История Мэкка показывает потенциальные опасности, которые могут сопровождать переориентацию. Как бы романтично ни выглядело донкихотское стремление побороть ветряные мельницы, оно не дается легко. Конечно, роль отщепенца может оказаться обременительной. Но Джон Мэкк не боялся ставить серьезные вопросы, и возможно, что история будет благосклоннее к нему с учетом проявленного мужества в публичном отстаивании идеи существования пришельцев. Но для многих из тех, кто думает переориентироваться, история Мэкка показательна с точки зрения гигантских вызовов, которыми сопровождается стремление зайти слишком далеко. По мере того как ему удавалось все глубже и глубже проникать в сознание субъектов своего исследования, нарастала и его изоляция от мира Гарварда и научного истеблишмента.
Для многих отщепенцев инновационный процесс отнюдь не подарок. Всеобщее признание идеи и моментальная награда за нее случаются редко. Иногда можно забраться в будущее так далеко, что это оказывается неприемлемым с точки зрения окружающей действительности.

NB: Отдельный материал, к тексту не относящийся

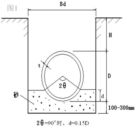 玻璃鋼地埋儲罐就位,應(yīng)注意基礎(chǔ)鑿平,檢驗平整度。罐體土弧基礎(chǔ)支撐角不小于90°,罐體土弧基礎(chǔ)支撐范圍內(nèi)罐體腋角部位要采用細沙或中砂填充密實,與罐壁緊密接觸,不得用土或其他材料填充。地埋儲罐頂部回填沙同基礎(chǔ)做法。(例如100立方:D=3100mm,d=500mm,Bd=5000mm(T型開挖,適當(dāng)放坡,底部寬度不得小于4000mm),H=覆土深度,根據(jù)現(xiàn)場實際情況。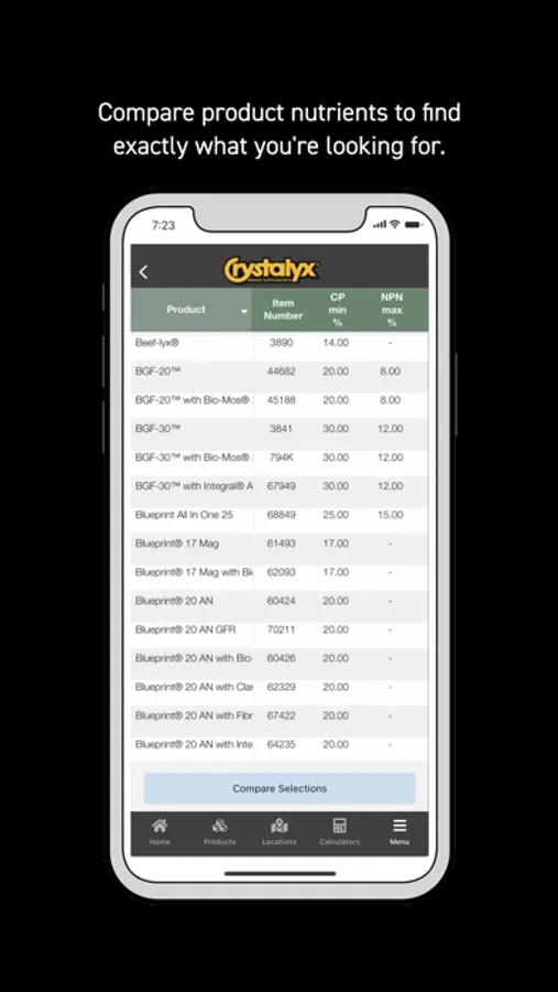 Are you a CRYSTALYX dealer? Use the CRYSTALYX Supplementation app as a tool to find the right supplement for your customers. Compare product nutrients, filter by product name, product number or nutrient levels and pinpoint CRYSTALYX products available with specific additives for your customer's convenience.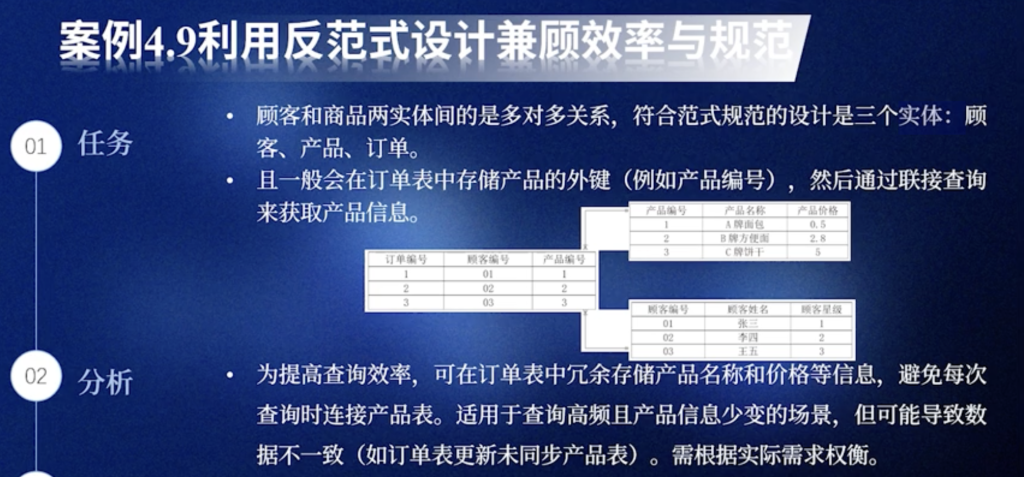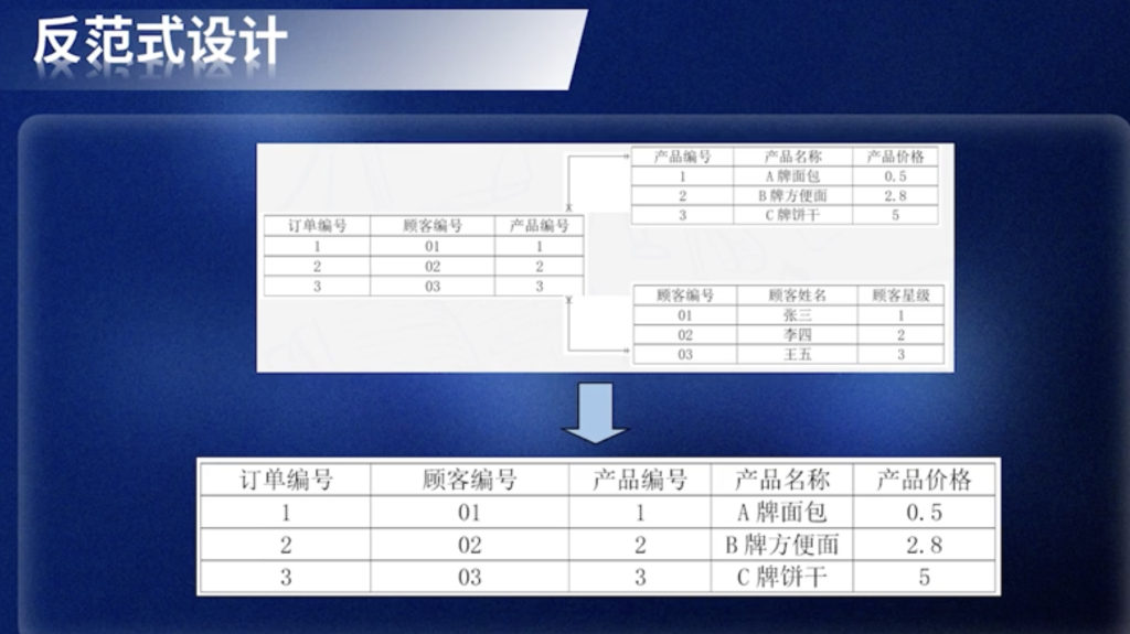 订单需要快速查找,且信息一般都不变。可以改用反范式设计,牺牲一部分规范性约束换取效率的提升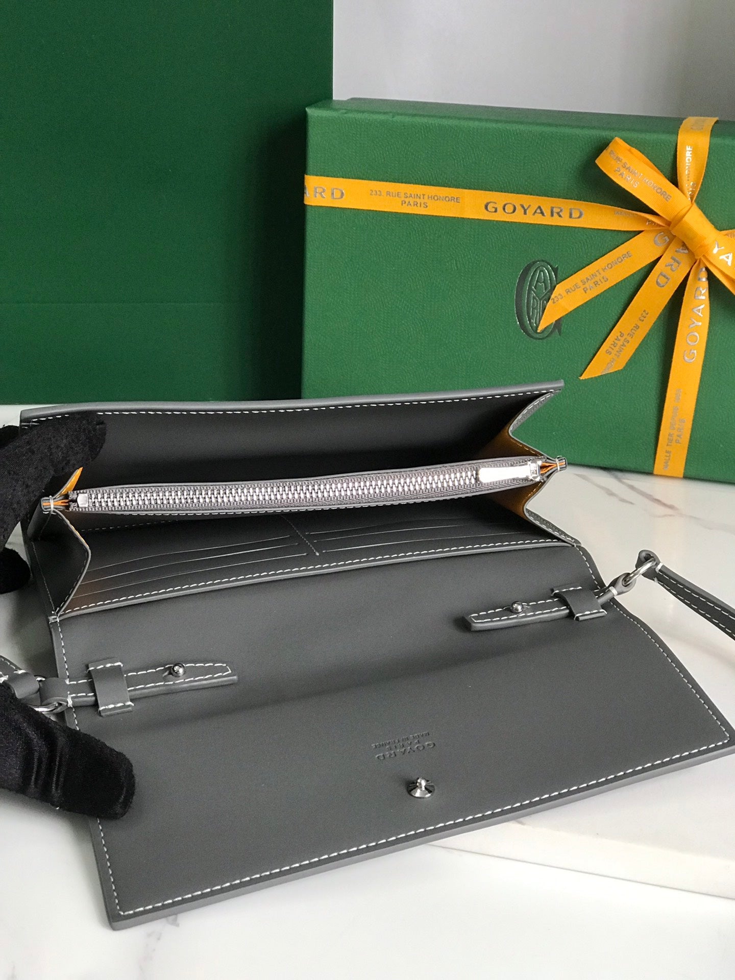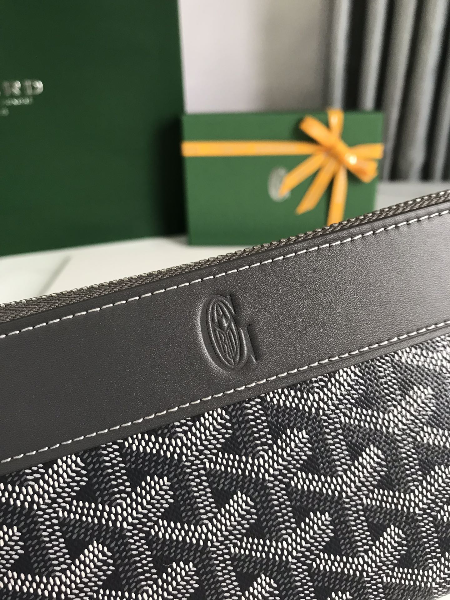 Goyard Matignon GM Wallet 20cm Grey Canvas & Calfskin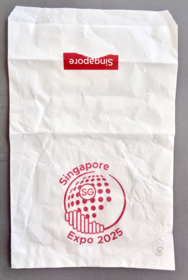 Modern Fairs Paper Store Bag from "Singapore" pavilion at "Expo 2025" printed in red on a white bag. Size: 6" wide by 9 1/2" high. Condition: Fine, the bag is creased and the Singapore tag to close it is torn.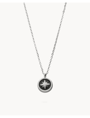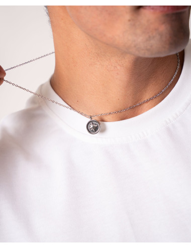 Colgante de acero inoxidable de 16 mm de diámetro y en su interior detalle de rosa de los vientos central con fondo IP negro. Largo a dos alturas (45 cms y 50,5 cms) y cierre de mosquetón.

Некоторые из персонажей этой главы, совершив глубочайшую личностную перестройку, оказывались неверно понятыми или попадали в противоречивую ситуацию, как в случаях доктора Джона Мэкка или Антонио Фернандеса. Другие, такие, как Джиб Баллок, переориентировались из русла общепринятых представлений об успехе и вынуждены продолжать борьбу за уважение и должную оценку своих усилий со стороны общества (или компании).
И тем не менее их истории свидетельствуют о том, что непоколебимая вера, приверженность базовым ценностям и неготовность жить под диктовку могут помочь человеку совершить переориентацию, которая направит жизнь на новый путь, более полезный в его самореализации, даже если это будет не совсем понятно окружающим.